(WHAT YOU NEED TO DO) Your job is to set down the stretch of entries that opens with the line containing "扦插的无花果长叶了,可似乎还没看到大白腿。希望能长起来。" and closes with the line containing "本書集結了奈良美智一次非常特". Keep both end lines, copy each exactly, and add nothing.

START EXCERPTED DATA

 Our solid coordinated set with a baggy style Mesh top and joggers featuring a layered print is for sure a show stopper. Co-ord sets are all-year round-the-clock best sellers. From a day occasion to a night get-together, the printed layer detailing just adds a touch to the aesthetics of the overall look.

END EXCERPTED DATA
START EXCERPTED DATA

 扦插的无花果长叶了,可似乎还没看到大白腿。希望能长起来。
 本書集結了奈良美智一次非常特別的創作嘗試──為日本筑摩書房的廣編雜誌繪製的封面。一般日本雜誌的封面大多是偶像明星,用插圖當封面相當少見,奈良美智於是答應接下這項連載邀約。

END EXCERPTED DATA

(SOLUTION FOR THIS EXERCISE)
 扦插的无花果长叶了,可似乎还没看到大白腿。希望能长起来。
 本書集結了奈良美智一次非常特別的創作嘗試──為日本筑摩書房的廣編雜誌繪製的封面。一般日本雜誌的封面大多是偶像明星,用插圖當封面相當少見,奈良美智於是答應接下這項連載邀約。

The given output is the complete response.